Start of Block

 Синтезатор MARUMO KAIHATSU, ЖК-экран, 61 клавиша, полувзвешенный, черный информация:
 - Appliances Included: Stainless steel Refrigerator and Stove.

End of Block
Start of Block

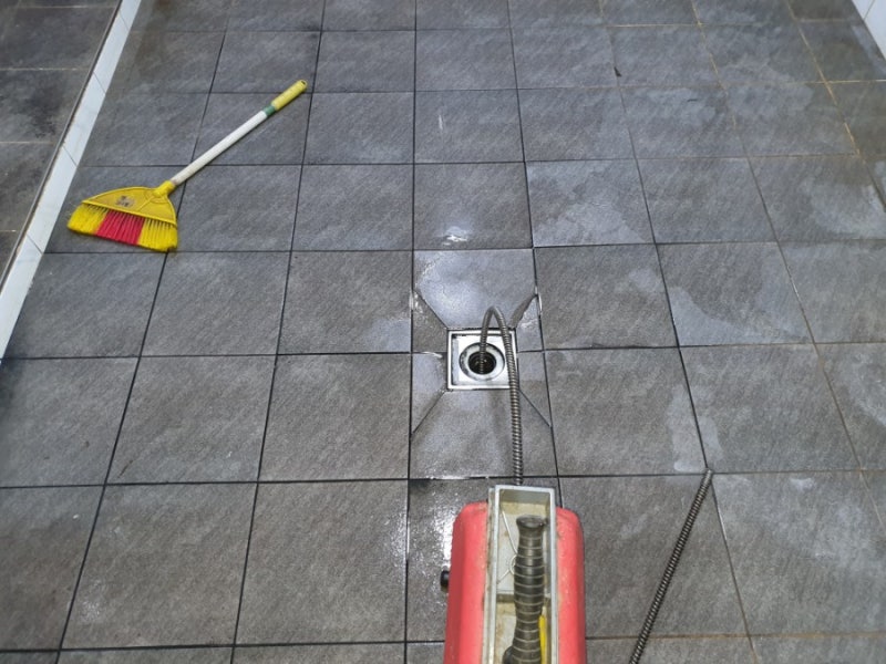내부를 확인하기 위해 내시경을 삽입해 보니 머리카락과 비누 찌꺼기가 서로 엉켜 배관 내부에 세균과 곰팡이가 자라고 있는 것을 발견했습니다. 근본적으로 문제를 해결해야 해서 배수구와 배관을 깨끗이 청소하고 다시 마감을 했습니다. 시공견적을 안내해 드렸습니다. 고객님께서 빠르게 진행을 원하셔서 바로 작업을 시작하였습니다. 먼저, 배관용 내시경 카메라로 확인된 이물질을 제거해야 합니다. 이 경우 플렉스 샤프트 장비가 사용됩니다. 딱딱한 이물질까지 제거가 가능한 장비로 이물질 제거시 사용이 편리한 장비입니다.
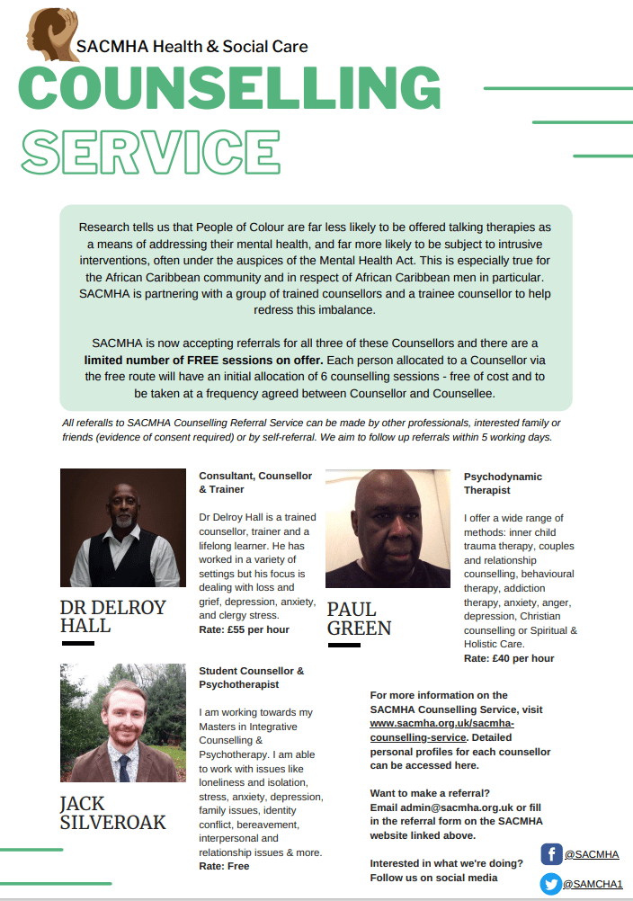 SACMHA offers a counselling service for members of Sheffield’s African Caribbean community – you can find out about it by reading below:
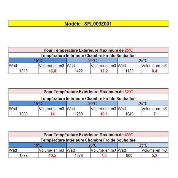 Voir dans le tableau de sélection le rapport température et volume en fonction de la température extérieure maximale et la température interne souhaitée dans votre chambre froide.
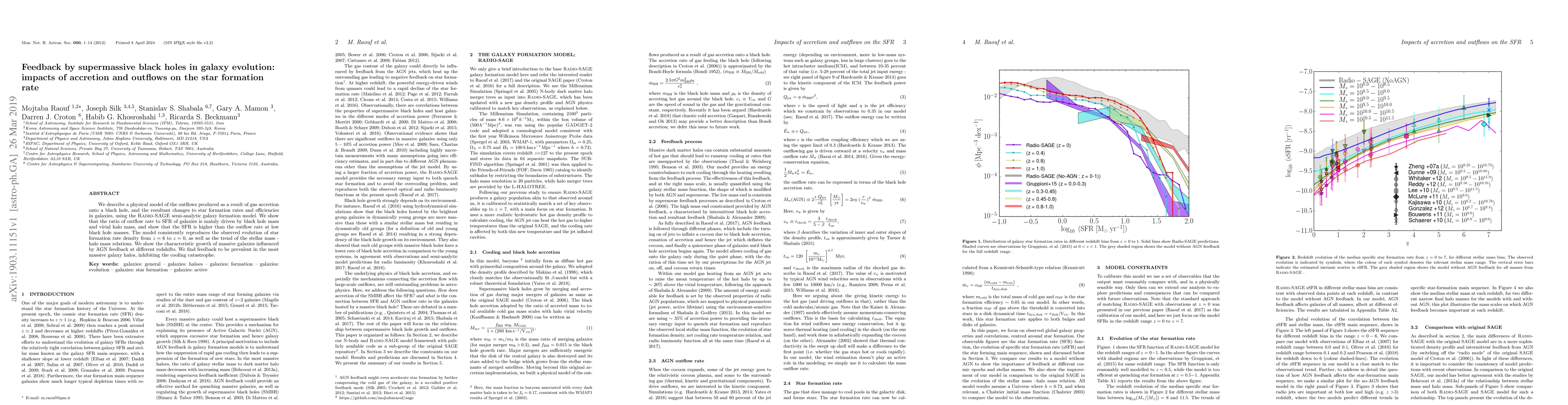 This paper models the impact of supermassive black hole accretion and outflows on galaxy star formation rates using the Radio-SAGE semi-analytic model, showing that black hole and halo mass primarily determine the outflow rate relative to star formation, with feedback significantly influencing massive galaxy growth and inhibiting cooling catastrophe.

End of Block

*Exercise directions:* Above is a listing; print exactly its lines from the one with "Синтезатор MARUMO KAIHATSU, ЖК-экран, 61" through the one with "- Appliances Included: Stainless", and no other lines.

*Your response:*
 Синтезатор MARUMO KAIHATSU, ЖК-экран, 61 клавиша, полувзвешенный, черный информация:
 - Appliances Included: Stainless steel Refrigerator and Stove.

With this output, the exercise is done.